Wednesday, June 13, 2007

Star Wars, yes, the movie

Here's something I don't get. In the original trilogy, Episodes 4-6, these droids, C3P0 and R2D2 escape from Princess Leia's ship and land on Tatooine, the planet which bore both Anakin and Luke Skywalker.

(Now, in the prequels, the droids are omnipresent. They are around Queen Amidala and Obiwan and Anakin and all that for all three movies.)

The droids arrive at Tatooine and they are purchased--surprise!--by Luke's Uncle Owen. And what doesn't happen? C3P0, who is more gossipy than the queen of the Pride parade, DOESN'T say, "Skywalker, huh? Any relation to Anakin? That dude's Darth Vader. I used to work with his girlfriend."

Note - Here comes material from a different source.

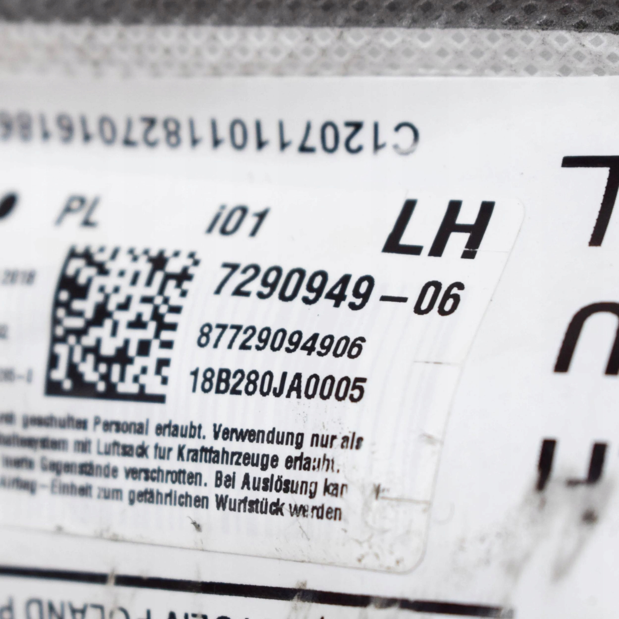 Bmw i3 2018 перед сторона ліва подушка повітряна подушка безпеки сидіння

In fact, he never says it through three movies. Wouldn't you think C3P0 might say sometime, like when they're on the cloud planet with Landau, "Gee, he used to be such a nice kid. Why I remember, when he was so cute and cuddly and won a big speeder race back on Tatooine." In fact, when he went back with R2 and met up with Luke, he never said, "Oh yeah, Tatooine. There used to be this great ice cream place just outside of Mos Eisley back in the day."

And since I'm on this: When the droids take an escape pod, some Imperial dude tells Vader that there were no life forms on their pod. Vader knows, of course, that the droids were on it. But later, when the Millenium Falcon is taken aboard an Imperial cruiser, Han, Chewy, Luke, Obi Wan and the droids hide in the smuggling compartments, and no one finds them. So, what? The Imperial forces scan pods but not ships on tractor beams? Please.

Other than that, I have fun watching these flicks. Well, the first three.